First of all, Donald Trump’s claim that the whistleblower is “highly partisan” is based on nothing in particular, since the identity of the person who filed the report is still unknown, except to a very small number of persons. Given how hard Trump has worked to weed out dissenters and to surround himself with nothing but the most ardent loyalists, it is somewhat unlikely that an agent of the “Radical Left” had access to the information that forms the basis of the urgent complaint.

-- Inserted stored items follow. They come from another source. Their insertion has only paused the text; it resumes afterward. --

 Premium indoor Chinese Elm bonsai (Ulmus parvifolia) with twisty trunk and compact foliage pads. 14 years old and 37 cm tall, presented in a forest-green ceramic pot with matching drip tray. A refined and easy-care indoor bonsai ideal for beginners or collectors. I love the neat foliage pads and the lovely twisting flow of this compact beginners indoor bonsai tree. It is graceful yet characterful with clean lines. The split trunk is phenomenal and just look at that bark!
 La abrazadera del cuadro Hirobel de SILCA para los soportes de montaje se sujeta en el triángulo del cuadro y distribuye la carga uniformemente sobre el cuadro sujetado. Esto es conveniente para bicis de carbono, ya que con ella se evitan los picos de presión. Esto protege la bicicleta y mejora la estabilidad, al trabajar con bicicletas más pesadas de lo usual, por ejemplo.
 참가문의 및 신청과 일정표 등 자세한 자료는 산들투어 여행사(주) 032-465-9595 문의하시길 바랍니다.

Furthermore, the Inspector General of the Intelligence Community, Michael Atkinson, is a Trump appointee, and he deemed the whistleblower complaint to be “credible” and “of urgent concern.” It should be clear to anyone with a working mind that a situation in which the person heading the nation’s executive branch is suspected of having engaged in flagrant misconduct is not a partisan matter – it is a situation that every American should want to see investigated. Donald Trump’s supporters seem to disagree with that, however, and they are basing their objections against the release of the whistleblower’s report to Congress on two main arguments.

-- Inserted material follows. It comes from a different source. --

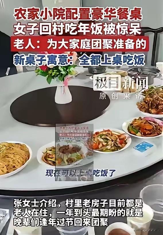 有心了!湖北,一女子被亲戚邀请回村吃年饭,本以为是走走过场,不料,到了吃饭时,她发现餐桌居然是电动的,而且一桌就能坐15人,和豪华酒店的桌子一模一样,寓意“全部上桌吃饭”。网友:这才是吃团圆饭该有的样子! 故事的主人公李悦,生活在城市,平日里工作忙碌。临近过年,她收到了乡下亲戚的邀请,回村一起吃年饭。在她的印象中,乡村的年饭虽然热闹,但形式上大多较为简单,不过是大家聚一聚,走走过场而已。然而,这份邀请饱含着亲戚们的热情,她也想念家乡的亲人们,便欣然答应了。 那天,李悦早早地踏上了回乡的路。一路上,她回忆着小时候在村里过年的场景,心中满是期待。到达亲戚家时,村子里热闹非凡,鞭炮声此起彼伏,到处洋溢着浓浓的年味。亲戚们热情地迎接她,嘘寒问暖,让她感受到了久违的亲切。 时间临近中午,年饭即将开始。李悦跟着亲戚们来到餐厅,眼前的一幕让她愣住了。只见餐厅中间摆放着一张电动餐桌,十分气派,和她在豪华酒店里见到的桌子一模一样。仔细一看,这桌子还特别大,一问才知道,一桌居然能轻松坐下 15 人。 李悦满心惊讶,在她的认知里,乡村的年夜饭大多是几张小桌子拼凑在一起,大家挤挤挨挨地吃饭。可眼前这张电动餐桌,不仅看起来高档,而且设计巧妙,转起来方便大家夹菜。亲戚们笑着告诉她,选择这样的桌子,是希望一家人都能围坐在一起,寓意着“全部上桌吃饭”,一个都不能少。 当饭菜陆续上桌,满满当当摆了一大桌,都是地道的乡村美食。红烧猪蹄色泽诱人,香气扑鼻;粉蒸肉软糯可口,入口即化;还有那自家腌制的腊鱼腊肉,散发着独特的香味,每一道菜都勾起了李悦儿时的回忆。 大家纷纷入座,电动餐桌缓缓转动,每个人的脸上都洋溢着幸福的笑容。长辈们一边给晚辈夹菜,一边讲述着过去一年的趣事,孩子们则在一旁嬉笑打闹,欢快的氛围弥漫在整个房间。李悦看着这温馨的场景,心中感慨万千。她原本以为只是简单的聚会,却没想到亲戚们为了这顿年饭如此用心,这张特别的桌子,让大家之间的距离更近了,团圆的氛围也更加浓厚。 饭后,李悦按捺不住心中的喜悦,将这一幕分享到了网上,还配上了那张电动餐桌和大家其乐融融吃饭的照片,并写下了自己的感受。网友们看到后,纷纷点赞留言。有人说:“这才是吃团圆饭该有的样子,热热闹闹,和和美美。”还有人羡慕地表示:“这样的乡村年饭,充满了浓浓的亲情味,让人向往。” 这顿乡村年饭,因为那张特别的电动餐桌,变得与众不同。它不仅承载着丰盛的美食,更传递着亲戚们对团圆的重视和对亲情的珍视。在这个快节奏的时代,这样一场充满心意的年饭,让李悦深深感受到,无论走多远,家乡的亲人和那浓浓的年味,永远是心中最温暖的港湾。
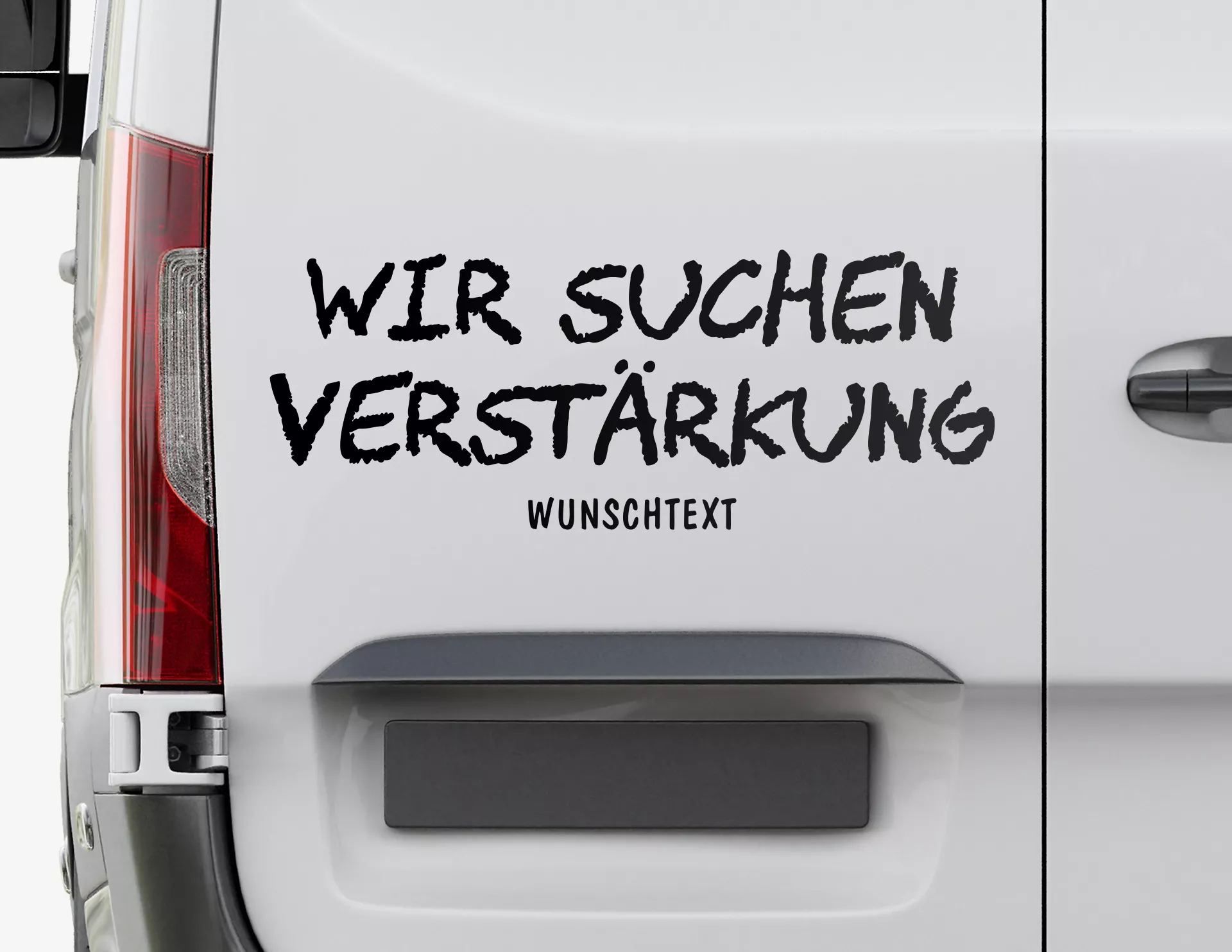 Infos & FAQ für Autoaufkleber Wir suchen Verstärkung Kreideschrift

Argument number one was laid out by Phil Mudd in a spittle-flecked interview with Chris Cuomo in which the former CIA analyst shouted that it was “not the responsibility of the intel guys to go police the president and go snitch on him to the Congress. Ridiculous!” Mudd’s mischaracterization of a member of the intelligence community who had followed legal protocol to lodge a complaint about serious misconduct as a snitch was happily picked up by Tucker Carlson’s Daily Caller which proceeded to make it the headline of one of its articles. We are now at the point, apparently, where the clerk who sets off the alarm during a bank robbery gets blamed, and not the bank robber.

The other line of argumentation is that the president can say anything and make any promise to a foreign head of state that he sees fit. “He can say what he wants, Chris,” Phil Mudd told Cuomo on live television, and many other pro-Trump commenters are echoing this notion. Trump and his supporters are drunk on an interpretation of Article II that gives the president unlimited power and indeed places him above the laws of the land. They have thus progressed from Trump’s infamous quote that he could shoot somebody in the middle of Fifth Avenue and not lose any votes to saying that he could shoot someone and not be criminally charged.

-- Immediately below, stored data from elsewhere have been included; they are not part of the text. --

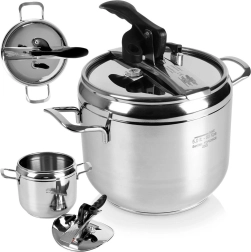 Divkārša drošības aizsardzība, iespēja regulēt spiedienu un uzticama vāka aizslēgšana mierīgai gatavošanai.
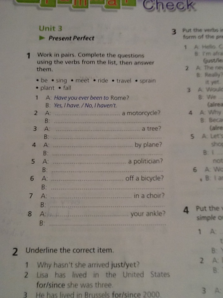 Have you ever sprained your ankle ? Yes I have/No I haven’t
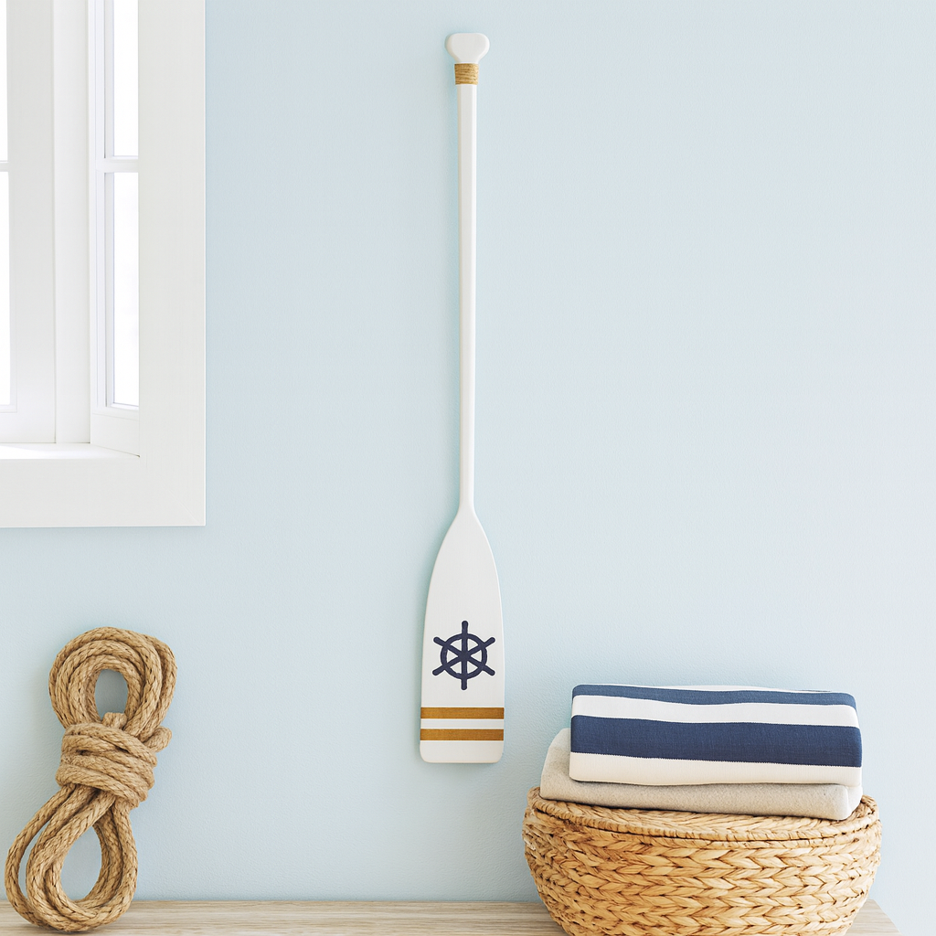 Remo de parede em madeira pintado em branco, com detalhe de timão azul-marinho e faixas douradas. Ideal para compor ambientes com temática praiana ou náutica, trazendo leveza e elegância à decoração. Pode ser usado sozinho ou combinado com outros remos e elementos marítimos.
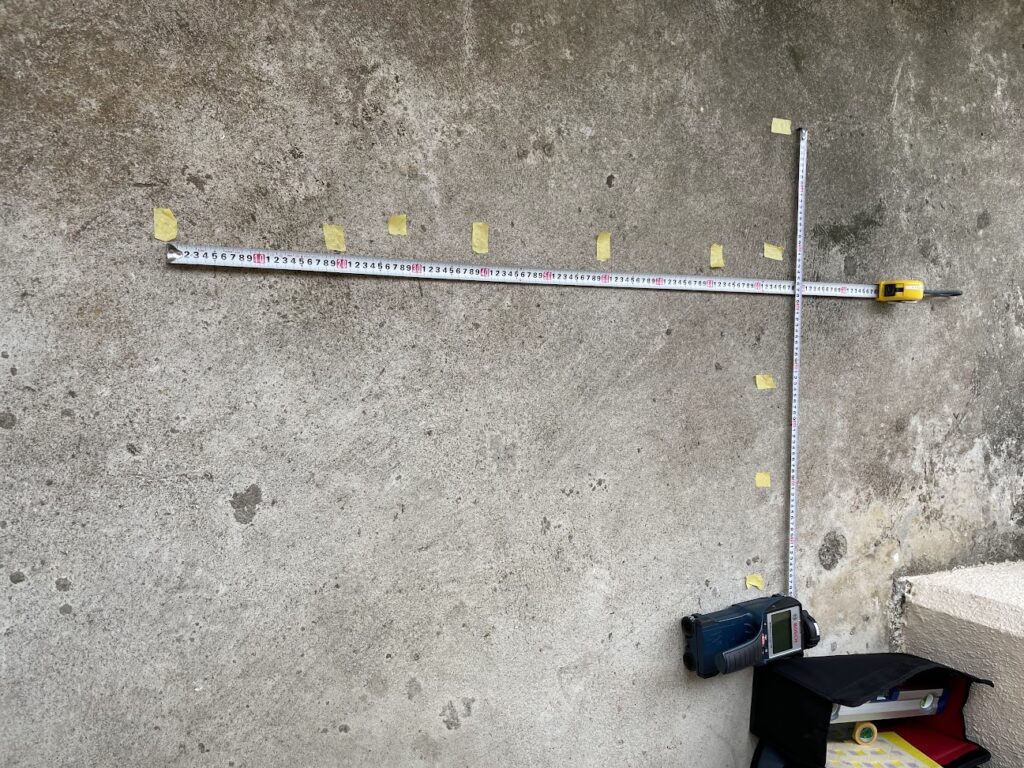 鉄筋に反応があった箇所にマークし、本数や間隔を確認します。

Quite tellingly, none of the comments made by Trump’s sycophants address the substance of the whistleblower’s complaint – namely, the allegation that Donald Trump tried to horse-trade U.S. taxpayer money in the shape of security aid to Ukraine for help with his personal re-election campaign. According to Former DOJ chief spokesperson Matthew Miller – now an MSNBC justice and security analyst – that is “about as high a crime and misdemeanor as one can imagine.”